The idea here is that my brain is some­times mo­ti­vated to achieve cer­tain things; and if I don’t al­low that at­tempted achieve­ment to oc­cur in plain sight, I in­cen­tivize my brain to sneak around be­hind my back and twist up my code base in an at­tempt to achieve those things. So, I try not to do that.

This is one rea­son it seems bad to me when peo­ple try to take “max­i­mize all hu­man well-be­ing, added evenly across peo­ple, with­out tak­ing my­self or my loved ones as spe­cial” as their goal. (Or any other fake util­ity func­tion.)

[3] To de­scribe this “ask­ing” pro­cess more con­cretely: I some­times do this as fol­lows: I con­cretely vi­su­al­ize a ‘magic but­ton’ that will cause me to take in the in­for­ma­tion. I reach to­ward the but­ton, and tell my brain I’m re­ally go­ing to press it when I finish count­ing down, un­less there are any ob­jec­tions (“3… 2… no ob­jec­tions, right?… 1...”). Usu­ally I then get a bit of an an­swer — a brief flash of worry, or a word or image or as­so­ci­a­tion.
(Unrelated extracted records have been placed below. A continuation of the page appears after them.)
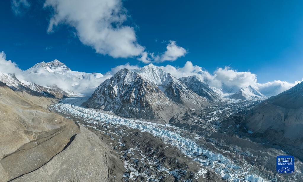 這是珠峰腳下中絨布冰川(左)和西絨布冰川(右)的匯合處(5月16日攝,無人機拼接照片)。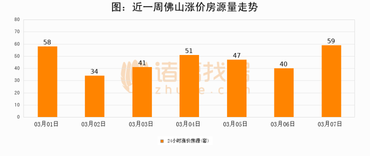 根据诸葛找房数据显示,佛山24小时涨价房源量为59套,较03月06日增加19套,环比上涨47.5%。与此同时,涨价房源占比小幅扩大,业主信心有所提升。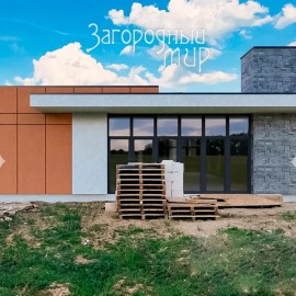 Лот 68322. Ядромино. Дом в охраняемом коттеджном поселке Лесная Рапсодия-2. Одноэтажный дом из газоблоков в стиле Хай-Тек, внешне оштукатурен, покрашен, частично отделан натуральным камнем, площадью 160 кв.м с отделкой Whitе Вох. У дома эксплуатируемая кровля, окна Vеkа, фундамент -...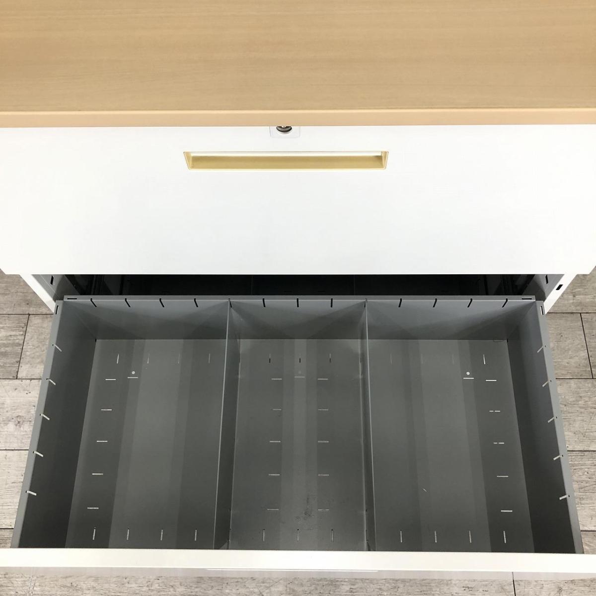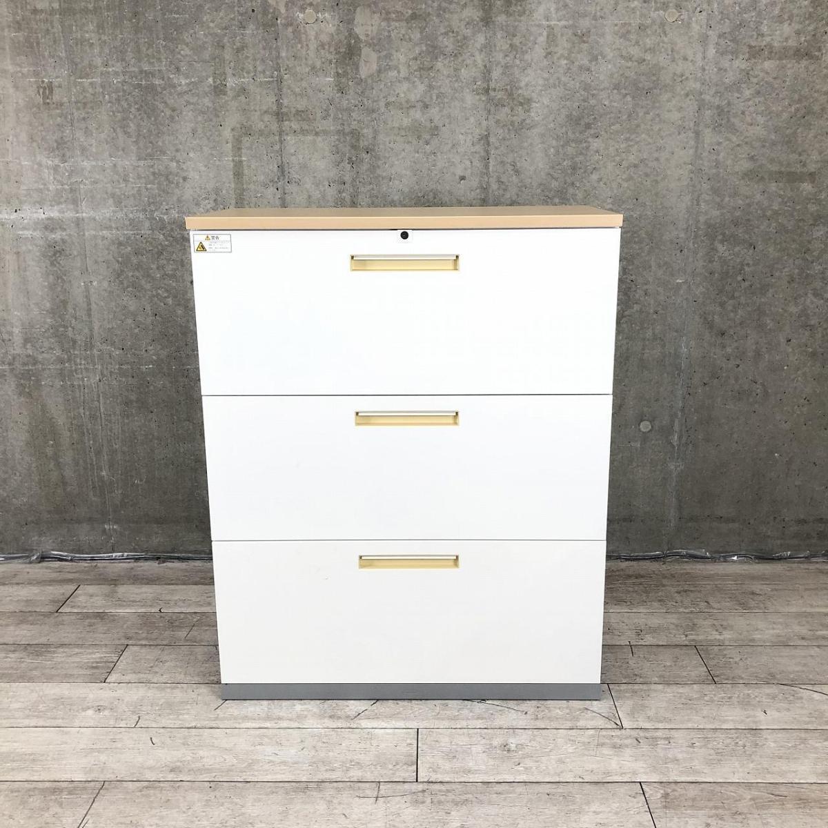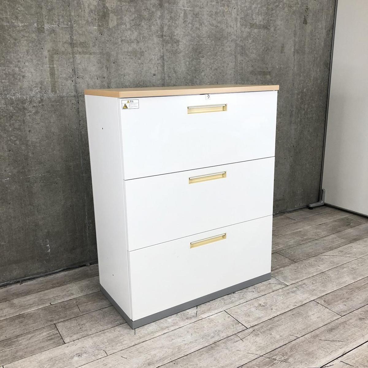 【取っ手部分日焼けの為特価!】【定価約14万円】【オフィスの必需品!!大容量のローキャビネット!】■イナバ(Inaba) 3段ラテラル ローキャビネット W900×D450(天板付き:D460)㎜ ■シリンダー錠 ■ホワイト ■ナチュラル木目調 天板付き ※取手日焼け有【2507】弊社使用欄【A01026261】

Some­times the thing I get is already clear, like “if I ac­tu­ally did the forms wrong, and I no­tice, I’ll have to redo them”. Then all I need to do is sep­a­rate it into buck­ets (“How about if I figure out whether I did them wrong, and then, if I don’t want to redo them, I can always just not?”).

Other times, what I get is more like quick non­ver­bal flash, or a feel­ing of aver­sion with­out know­ing why. In such cases, I try to keep “feel­ing near” the aver­sion. I might for ex­am­ple try think­ing of differ­ent guesses (“Is it that I’d have to redo the forms?… no… Is it that it’d be em­bar­rass­ing?… no…”). The idea here is to see if any of the guesses “res­onate” a bit, or cause the feel­ing of aver­sive­ness to be­come tem­porar­ily a bit more vivid-feel­ing.

For a more de­tailed ver­sion of these in­struc­tions, and more thoughts on how to avoid bucket er­rors in gen­eral (un­der differ­ent ter­minol­ogy), you might want to check out Eu­gene Gendlin’s au­dio­book “Fo­cus­ing”.